● **Task statement**: Word for word, copy the data that follows and skip its pictures.

● **Data excerpt**:

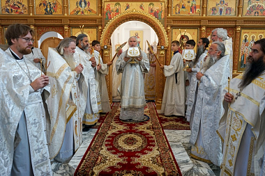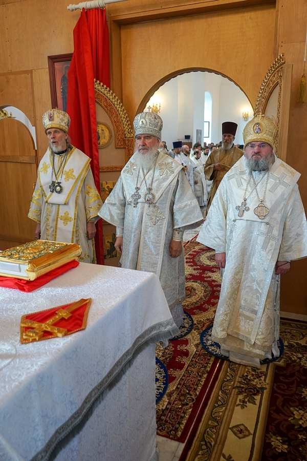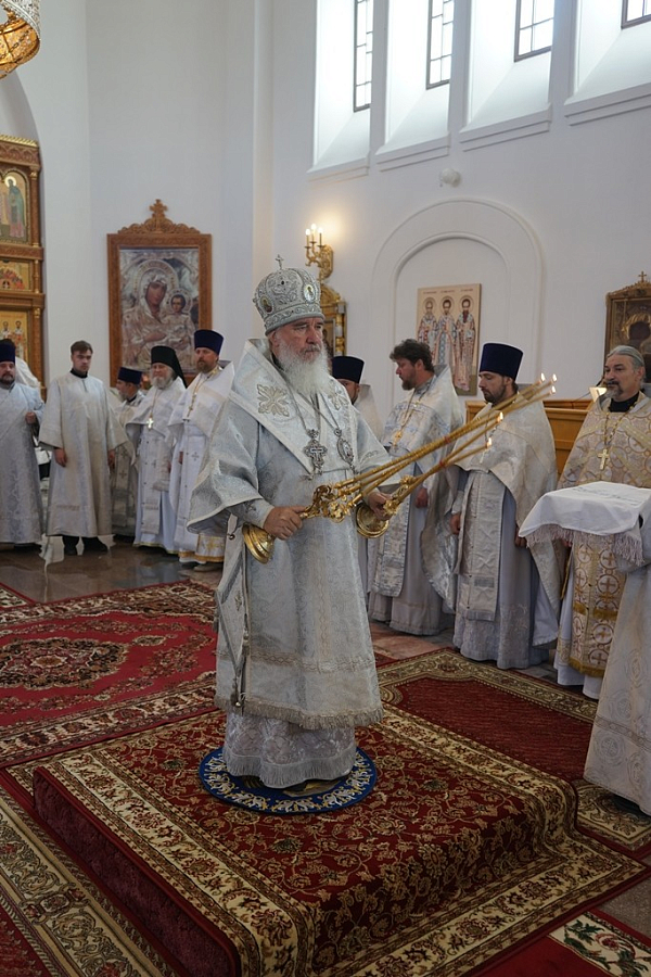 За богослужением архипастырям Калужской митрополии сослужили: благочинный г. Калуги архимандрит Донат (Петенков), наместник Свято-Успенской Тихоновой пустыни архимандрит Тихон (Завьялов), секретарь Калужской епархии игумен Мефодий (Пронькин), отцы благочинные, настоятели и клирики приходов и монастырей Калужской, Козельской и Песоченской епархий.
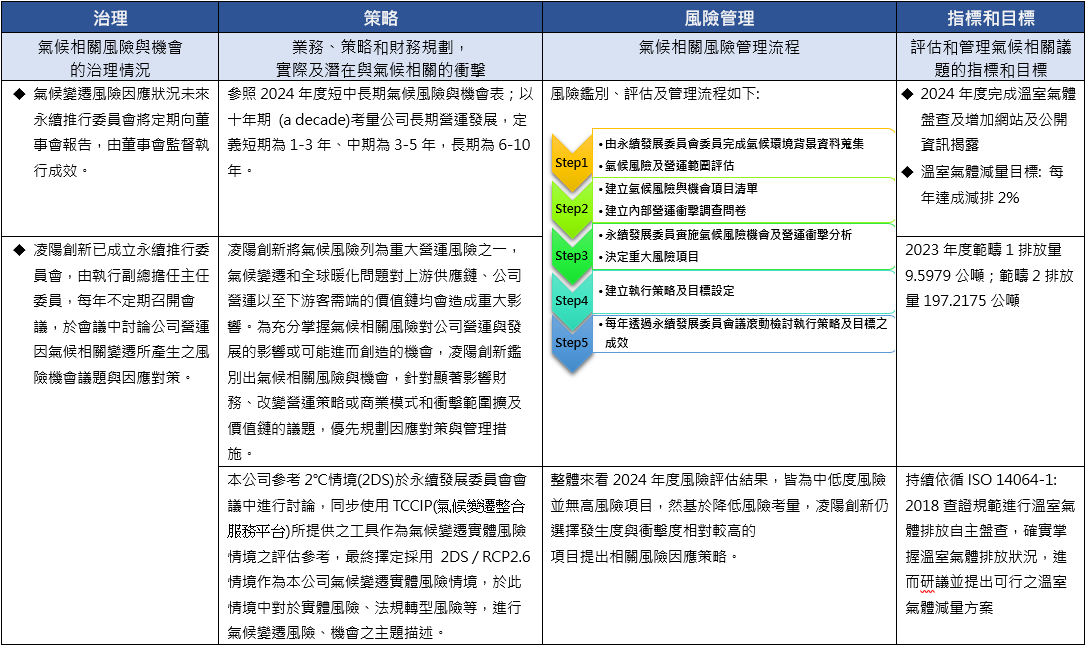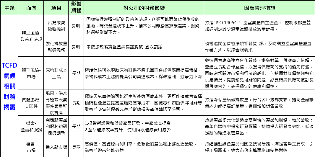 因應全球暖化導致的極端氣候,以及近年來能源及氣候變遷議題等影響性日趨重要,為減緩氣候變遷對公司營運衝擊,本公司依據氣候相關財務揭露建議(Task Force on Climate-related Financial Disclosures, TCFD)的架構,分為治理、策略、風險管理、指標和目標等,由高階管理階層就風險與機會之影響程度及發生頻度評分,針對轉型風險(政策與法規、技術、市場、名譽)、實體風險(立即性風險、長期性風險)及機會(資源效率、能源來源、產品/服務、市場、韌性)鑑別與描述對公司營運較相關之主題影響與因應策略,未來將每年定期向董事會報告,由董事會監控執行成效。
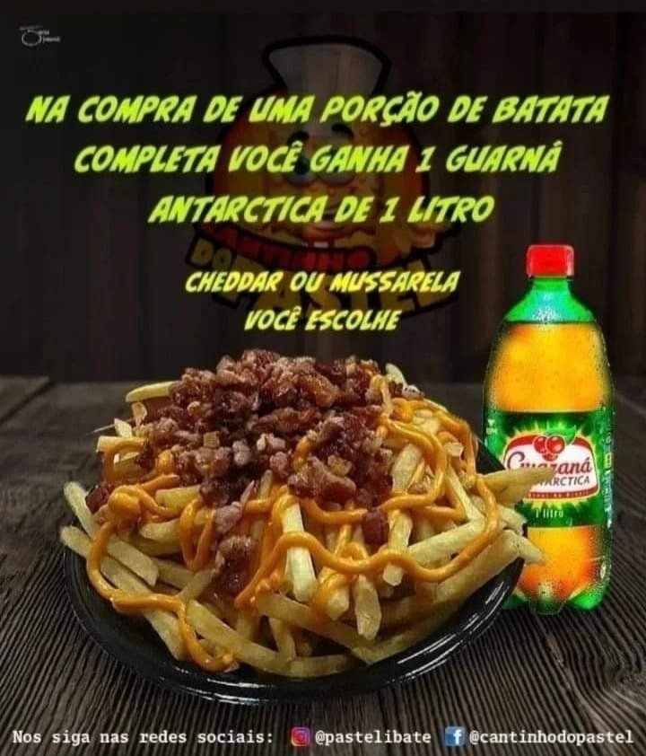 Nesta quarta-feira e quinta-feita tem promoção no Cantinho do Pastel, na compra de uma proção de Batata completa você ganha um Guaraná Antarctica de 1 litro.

● **The completed task**:
 За богослужением архипастырям Калужской митрополии сослужили: благочинный г. Калуги архимандрит Донат (Петенков), наместник Свято-Успенской Тихоновой пустыни архимандрит Тихон (Завьялов), секретарь Калужской епархии игумен Мефодий (Пронькин), отцы благочинные, настоятели и клирики приходов и монастырей Калужской, Козельской и Песоченской епархий.
 因應全球暖化導致的極端氣候,以及近年來能源及氣候變遷議題等影響性日趨重要,為減緩氣候變遷對公司營運衝擊,本公司依據氣候相關財務揭露建議(Task Force on Climate-related Financial Disclosures, TCFD)的架構,分為治理、策略、風險管理、指標和目標等,由高階管理階層就風險與機會之影響程度及發生頻度評分,針對轉型風險(政策與法規、技術、市場、名譽)、實體風險(立即性風險、長期性風險)及機會(資源效率、能源來源、產品/服務、市場、韌性)鑑別與描述對公司營運較相關之主題影響與因應策略,未來將每年定期向董事會報告,由董事會監控執行成效。
 Nesta quarta-feira e quinta-feita tem promoção no Cantinho do Pastel, na compra de uma proção de Batata completa você ganha um Guaraná Antarctica de 1 litro.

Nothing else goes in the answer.